D10引退決定をうけて選んだはずのフライトでしたが、むしろ、ふだんはネガティブに語られがちな「空飛ぶバングラデシュ」ビーマンの、ポジティブな面にふれられた一日でした。もちろん、定時運航など期待するのはお門違いですので、こころと時間に充分な余裕のあるときに、ご自身のマインドも解放する気でお乗りいただれば、きっとビーマン、どなた様もお楽しみいただけるかと存じます(苦笑)。
       
[追記] アドオン区間のCGP-DACのみ搭乗し、国際線DAC-KUL区間を同一航空券内に残している、本レビュー執筆の現時点で、なんと予約日14日のKUL行き機材変更(D10⇒773ER)が発表されてしまいました。
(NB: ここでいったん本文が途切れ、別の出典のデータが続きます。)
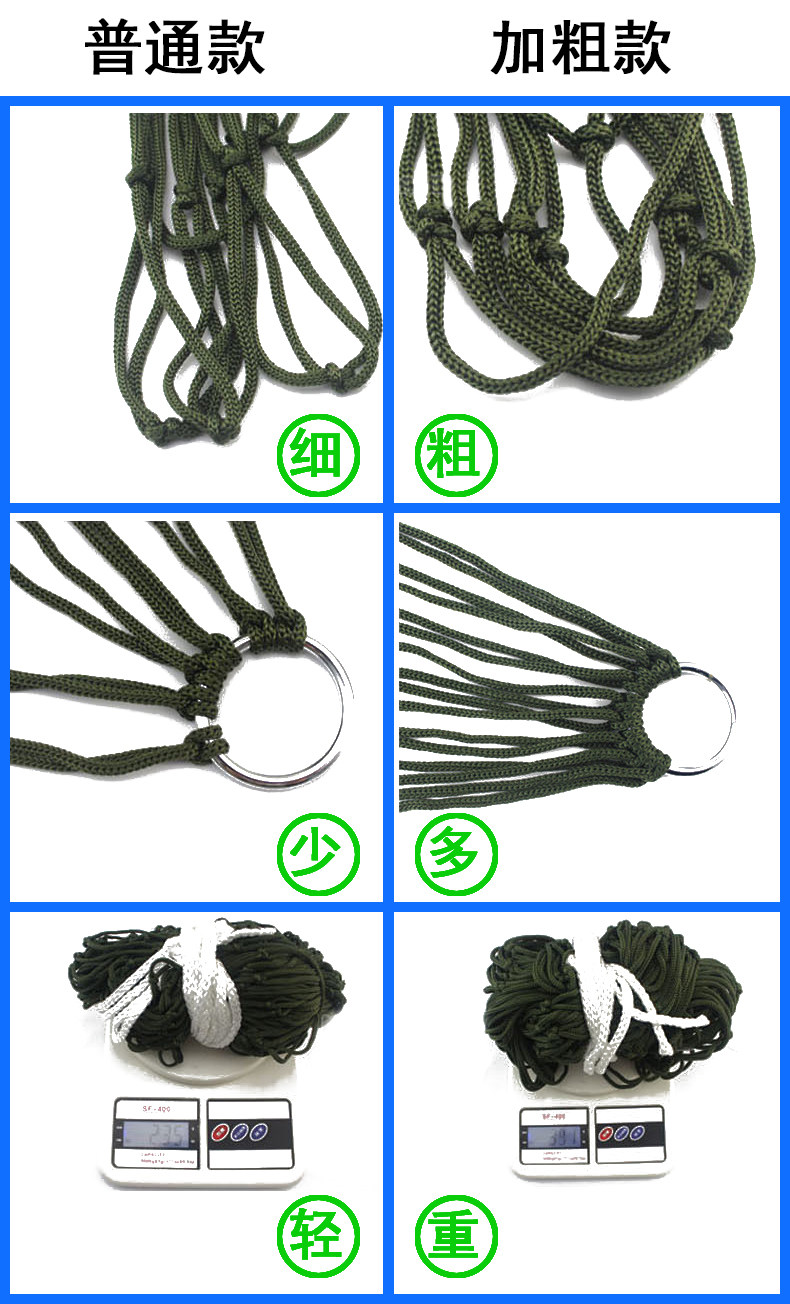 [普通网状吊床没有收纳袋,配有绑绳。加粗款网状吊床配有绑绳和收纳袋。豪华款加粗网状吊床配绑绳、收纳袋和专业绑带。]

最新の2月14日のD10割りあては、AUH線。で、明けて15日が(おそらく同じ機材での)KUL線。なお、15日のDAC⇔KULは、KULでのさいごのD10運用となるようです。で、どっちに乗るかは、土壇場機材変更のリスクにそなえて、ぎりぎりまで決めないでおきます…。結果は、またレビューでご報告しますので(笑)。
    
 
 
 

フライトログ

搭乗の詳細データです。

座席番号
36J
搭乗クラス
Y(K)
区間マイル
139
出発予定時刻
1000
搭乗時刻
1057
出発時刻
1125
到着予定時刻
1045
到着時刻
1223
予定飛行時間
0:30
出発空港 天気・気温
晴れ
出発ゲート・スポット
4
離陸滑走路
23
離陸時刻
1142
到着空港 天気・気温
晴れ
到着ゲート・スポット
6
着陸滑走路
14
着陸時刻
1215
メモ
スポットアウト(11:29)後、着陸便(RX713)待ちのため、11:38まで誘導路上ホールド。